Shred two sticks of unsalted butter on your cheese grater. I do mine on a cutting board, then stick it into the freezer until I need it. Save the wrapper from the butter to use to butter the pan before you put the biscuits on it. It there wasn’t enough butter on the wrapper, I spread bacon grease on the pan with a brush.
Mix 4 cups whole wheat flour, 1-1/2 teaspoons baking powder, 1 teaspoon baking soda, 1/2 teaspoon salt.
Add frozen butter to flour mixture with a fork, tossing lightly to coat butter
Add 1-1/2 cups buttermilk and stir until mixed and no more
Turn out onto floured surface and roll to 1/2 inch thick
Fold dough over on itself, so that it is now 1 inch thick
Cut out biscuits and place just touching in 9 inch round pan
Bake for 14 minutes at 450°F.
The key seems to be the shredded butter and the fold over. I don’t know why it works, but my biscuits always have a very distinctive middle, it’s the only way I get them to be light and fluffy. Rolling it out thicker gives me hard biscuits every single time, so I just always do the fold over. If I’m cutting them out in shapes, like hearts or whatever, I sometimes just stack two layers, and brush some butter or bacon fat to seal the layers together.

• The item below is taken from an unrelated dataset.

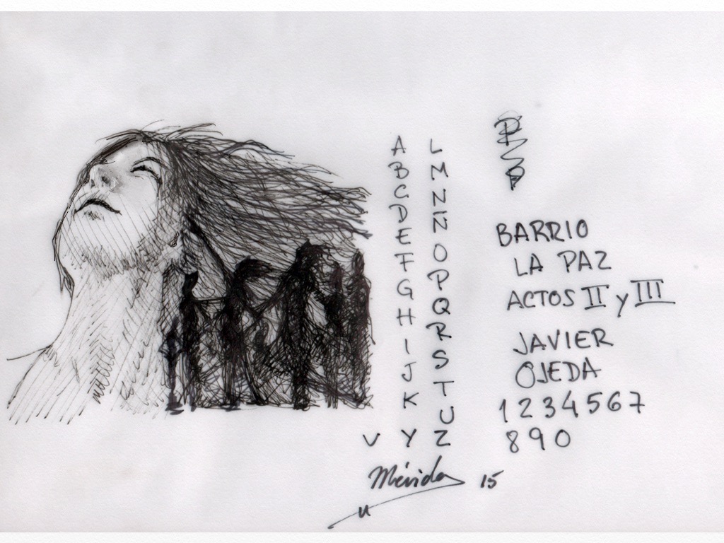 (En la imagen, bocetos de Andrés Mérida para el diseño interior del disco).

I don’t always use whole wheat flour. If I want a sweeter biscuit, I’ll add a tablespoon of maple syrup or honey and use a little less buttermilk. Or use heavy cream. Yum. Sometimes I use lard instead of butter, or a combination of both fats. Yummier.

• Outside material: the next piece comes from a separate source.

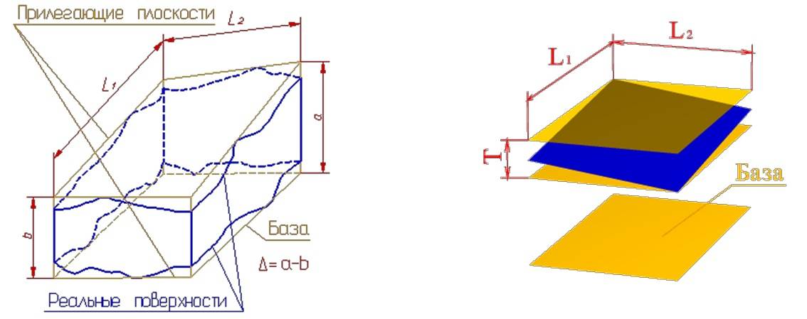Оценка соблюдения параметров плоскости осуществляется путём сравнения с характеристиками выбранной базой. Базой служит отдельный элемент детали, которые однозначно считают плоскими. Характер и расположение прямолинейного участка уточняется по результатам сравнения со своей базой. Каждый из разрешённых изменений обозначается установленным значком. В сноске к этому знаку указывают расположение и величину установленного отклонения. Допуск устанавливается для линий и плоскостей различного порядка. Все разрешённые изменения размеров объединяют единым полем. Общепризнанными изменения характера прямолинейности считаются выпуклость и вогнутость. Расположение и параметры отклонения от заданной плоскости обозначаются аббревиатурой (EFE). Для описания характеристик прямолинейности приняты показатели, входящие в единый комплект, обозначаемый (EFL).
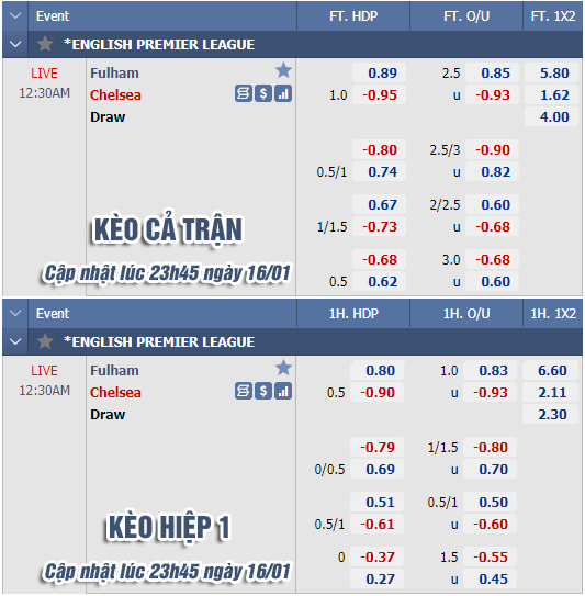 * Chốt kèo trận Fulham vs Chelsea (00h30 ngày 17/1)

We try to eat a tablespoon of our own honey every day to help with our seasonal allergies. This is sure a nice way to get that spoonful in! What a hardship.
I’ve always called my biscuits “cheater biscuits” because you can always tell I did the fold-over. My biscuits always have that split in the middle. I don’t care, though. It’s the only way it works for me, and I like light and fluffy biscuits.
I read all sorts of recipes for biscuits. I try them all, but I make sure to shred whatever fat the recipe calls for on the box grater, and freeze it. And I always roll it out too thin, and double it over. I’m so glad my grandma taught me how to cheat!
I actually LOVE the idea of the foldover, this would make them super easy to split. Grating the butter is a great idea – but for some strange reason I LOVE using my pastry blender so I probably won’t ever do it, maybe because my grandma always used a pastry blender when she made biscuits.
My mother used to always cut two rounds for each biscuit and stack em. You way makes it a whole lot easier to get the stack effect. And grating the butter is genius. Thanks to your grandmother and thanks for posting your recipe.
When you use lard, what do you do? Is it frozen, then grated? I think these look lovely!
I made these tonight to go on top of chicken pot pie (easier than pie crust and better at sopping up the gravy). Grating the butter is brilliant — these were the easiest biscuits to put together that I’ve ever made. They rose up beautifully and they taste great! (I had to fake the buttermilk, but they are still terrific).
What a great way for your grandmother to improve his information without undermining him in front of you. That’s so cool.
I’m also curious about grating lard.
What a great recipe! They came out wonderfully. Definately a keeper.